The movement of plate 33 to the right in FIG. 1 will ultimately engage that plate with the actuator pin 9, thereby causing the pilot piston 7 and, in turn, spool 1 back again effecting movement to the left of the diaphragms and shaft 30. In this manner, the reversal of operation of the pump is effected, which will continue to oscillate or cycle as long as air is supplied through the inlet 121.
While the '666 Patent discusses the incorporation of valves including D valves into diaphragm pumps having quick dump valves, the efficient interconnection of such valves in combination is most desirable. In incorporating a D valve into an air motor, the size of the valve insert is dictated by the span between the passages to be connected. The size of the valve insert used, in turn, determines the amount of friction encountered by the insert when moving against the valve plate. When using a larger valve insert to direct a motive gas into and out of a motor, a larger force is exerted by the gas on the valve insert due to the larger area presented by the valve insert. This increased force increases the frictional force of the valve insert against the valve plate and makes its movement more difficult during pump operation thereby decreasing the efficiency of the pump as more air is required to create the increased force required. Thus, the use of a smaller valve insert is preferred to decrease the frictional forces acting on the D valve and increase the efficiency of the pump. However, the span of the passages to be connected in a diaphragm pump generally calls for the use of a larger valve insert.

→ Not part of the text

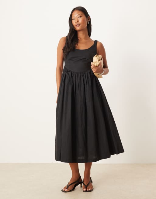 Nobody's Child Petite - Marina - Vestito midi nero con scollo rotondo
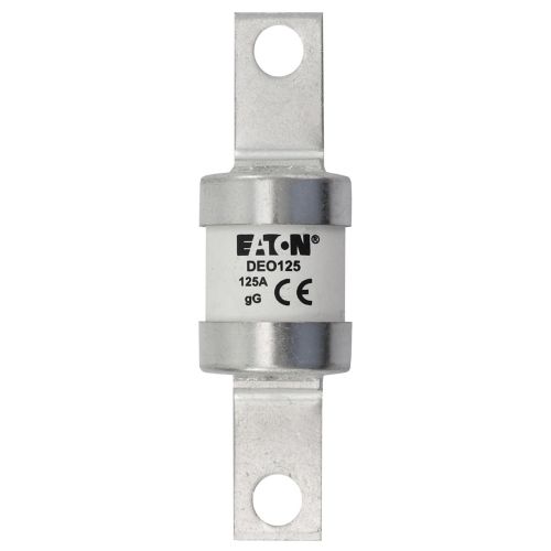 Bussmann DEO Series is a British Standard (BS88) fuse links designed for general industrial and motor applications. These are high rupture capacity (HRC) fuses with offset bolted tags, featuring characteristics like good peak let-through current limitation and specific gG/gL utilization categories for general equipment protection. They are suitable for 415V AC systems and have an 80 kA breaking capacity.

According to a preferred embodiment of the present invention, the porting between the exhaust aperture 35 of valve plate 3 and exhaust chamber 23 may be achieved through an adapter plate 50, best seen in FIGS. 4 and 6, which minimizes the gap between the ports to be connected. Adapter plate 50 is shown in the sectional view of FIG. 3 disposed between valve plate 3 and bypass valves 4, 5. The adapter plate 50 comprises a first air path 54 and a second air path 56 that are in fluid communication with first aperture 34 and second aperture 36, respectively. As shown in FIGS. 5 and.6, an exhaust vent 55 having two exhaust ports 51 is located between the first air path 54 and second air path 56 and connects exhaust aperture 35 to exhaust via exhaust apertures 52 located in center body housing 6.
As shown in FIGS. 4 and 6, the exhaust vent 55 is, preferably, curvilinear-shaped and, most preferably, serpentine-shaped thereby minimizing the distance between said first and second air paths 54, 56. To provide air logic for shifting the shiftable valve, adapter plate 50 further comprises pilot signal paths 186, 190 for connecting a pilot valve in fluid communication with the shiftable valve. Gaskets 60, 61, 62, 63, 64, and 65 are provided as shown in FIGS. 5 and 6 to seal interconnecting air passages upon assembly of the center body housing 6, adapter plate 50, valve plate 3, and valve body 2.
There has been set forth a preferred embodiment of the invention. However, the invention may be altered or changed without departing from the spirit or scope thereof. The invention, therefore, is to be limited only by the following claims and their equivalents.